To say that there is similarity is not to say that there are no distinctions. The question then is whether the similarities are sufficient to justify the broad category referred to as senses as well as incorporation therein.
If the brain is looking out at the world through the eyes, not the other way around, you wouldn't call the eyes a sense organ because they wouldn't be functioning as a sense organ (i.e., receiving and transmitting external stimuli).
The fact that vision occurs differently than does touch, hearing, smelling, and taste is not in itself sufficient to justify denying that vision is one of the senses. Likewise, the fact that, among the reputed senses, the optical pathway alone does not depend on nerve endings in order to function is not itself sufficient to justify concluding that vision is not one of the senses.
Well, direct nerve endings are what give the other senses a pathway to that particular sense organ, whether it is touch, taste, smell, or hearing. Not so with the eyes. There is no direct nerve ending that creates a pathway leading to vision.
The nerve endings difference is but a purely arbitrary basis for determining what is and what is not one of the senses.

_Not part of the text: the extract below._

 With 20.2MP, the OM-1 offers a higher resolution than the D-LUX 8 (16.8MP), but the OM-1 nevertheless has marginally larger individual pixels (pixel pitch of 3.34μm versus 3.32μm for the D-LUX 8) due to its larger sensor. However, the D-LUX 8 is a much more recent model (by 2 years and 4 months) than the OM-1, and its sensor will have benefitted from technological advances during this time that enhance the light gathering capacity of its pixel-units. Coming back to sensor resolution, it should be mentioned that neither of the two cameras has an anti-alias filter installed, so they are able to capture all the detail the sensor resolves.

It is purely arbitrary, because that way of distinguishing does not take into account just what it is that is meant when some sort of system is said to be a sense - what it is that is necessary for some sort of system to be a sense. A sense is that (system) which transforms data about the environment (usually the surrounding or external environment) into information usable by the brain. This means that the only way to justify denying that vision is a sense is to demonstrate that no external environment data is ever delivered to the brain by the optical system. If the optical system can ever so deliver information to the brain without that system needing nerve endings, then vision is a sense despite not having nerve endings.
Obviously, what we see is integrated through other mechanisms, such as thought, experience, knowledge, and memory that retain what we see to make sense of our world. The only reason he said the eyes were not a sense organ was due to the fact that we see in real time, not delayed.
Of course, there are human optical systems which do not deliver information to the brain. That situation occurs as what is called blindness, and persons who are blind do not have that sense called vision.
You (and apparently Lessans) deny that information available within light is ever delivered to the brain even in the case of humans who are not blind.
Until you demonstrate that the optical system (vision) does not deliver information to the brain, your use of the nerve ending distinction in an attempt to deny that vision is one of the senses is indistinguishable from desperate apologetics.
It delivers information to the brain indirectly. I don't know what you have read so far. It is not faith based.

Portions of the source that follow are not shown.